→ What to produce: Two lines in the data below mark the range: the one with "No marks on" and the one with "This sleek silver". Return both, along with every line between them, exactly.

→ Listed records:
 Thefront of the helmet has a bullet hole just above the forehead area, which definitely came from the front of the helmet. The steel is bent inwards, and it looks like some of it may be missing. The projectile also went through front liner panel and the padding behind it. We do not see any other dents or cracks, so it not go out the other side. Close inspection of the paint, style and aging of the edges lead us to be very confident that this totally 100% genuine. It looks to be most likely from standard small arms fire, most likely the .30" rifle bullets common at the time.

==

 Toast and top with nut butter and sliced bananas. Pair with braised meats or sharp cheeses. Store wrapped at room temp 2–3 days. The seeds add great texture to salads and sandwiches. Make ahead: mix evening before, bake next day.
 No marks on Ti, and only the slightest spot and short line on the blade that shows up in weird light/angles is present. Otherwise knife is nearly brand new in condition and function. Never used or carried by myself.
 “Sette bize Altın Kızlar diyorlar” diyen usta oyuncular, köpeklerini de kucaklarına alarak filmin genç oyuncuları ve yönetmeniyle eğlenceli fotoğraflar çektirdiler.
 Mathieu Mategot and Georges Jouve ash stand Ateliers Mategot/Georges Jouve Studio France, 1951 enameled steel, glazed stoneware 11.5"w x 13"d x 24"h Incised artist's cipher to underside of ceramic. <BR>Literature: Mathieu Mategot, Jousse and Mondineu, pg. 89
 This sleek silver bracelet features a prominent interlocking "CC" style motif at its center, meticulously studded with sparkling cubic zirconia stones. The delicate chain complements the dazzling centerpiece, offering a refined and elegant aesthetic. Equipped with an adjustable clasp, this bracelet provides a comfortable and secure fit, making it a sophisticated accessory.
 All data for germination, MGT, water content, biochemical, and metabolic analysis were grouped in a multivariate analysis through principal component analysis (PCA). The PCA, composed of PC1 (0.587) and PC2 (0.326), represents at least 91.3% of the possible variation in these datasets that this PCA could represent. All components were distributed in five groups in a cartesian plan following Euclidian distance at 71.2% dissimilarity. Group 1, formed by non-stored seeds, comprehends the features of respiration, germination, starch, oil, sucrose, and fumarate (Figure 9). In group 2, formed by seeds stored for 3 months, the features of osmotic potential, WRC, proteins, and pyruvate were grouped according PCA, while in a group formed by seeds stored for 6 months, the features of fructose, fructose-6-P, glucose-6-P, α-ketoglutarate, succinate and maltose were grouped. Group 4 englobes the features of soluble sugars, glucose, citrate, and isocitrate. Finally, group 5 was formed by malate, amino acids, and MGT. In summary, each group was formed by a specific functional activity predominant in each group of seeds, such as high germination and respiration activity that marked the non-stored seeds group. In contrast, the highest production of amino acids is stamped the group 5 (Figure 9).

→ Expected answer:
 No marks on Ti, and only the slightest spot and short line on the blade that shows up in weird light/angles is present. Otherwise knife is nearly brand new in condition and function. Never used or carried by myself.
 “Sette bize Altın Kızlar diyorlar” diyen usta oyuncular, köpeklerini de kucaklarına alarak filmin genç oyuncuları ve yönetmeniyle eğlenceli fotoğraflar çektirdiler.
 Mathieu Mategot and Georges Jouve ash stand Ateliers Mategot/Georges Jouve Studio France, 1951 enameled steel, glazed stoneware 11.5"w x 13"d x 24"h Incised artist's cipher to underside of ceramic. <BR>Literature: Mathieu Mategot, Jousse and Mondineu, pg. 89
 This sleek silver bracelet features a prominent interlocking "CC" style motif at its center, meticulously studded with sparkling cubic zirconia stones. The delicate chain complements the dazzling centerpiece, offering a refined and elegant aesthetic. Equipped with an adjustable clasp, this bracelet provides a comfortable and secure fit, making it a sophisticated accessory.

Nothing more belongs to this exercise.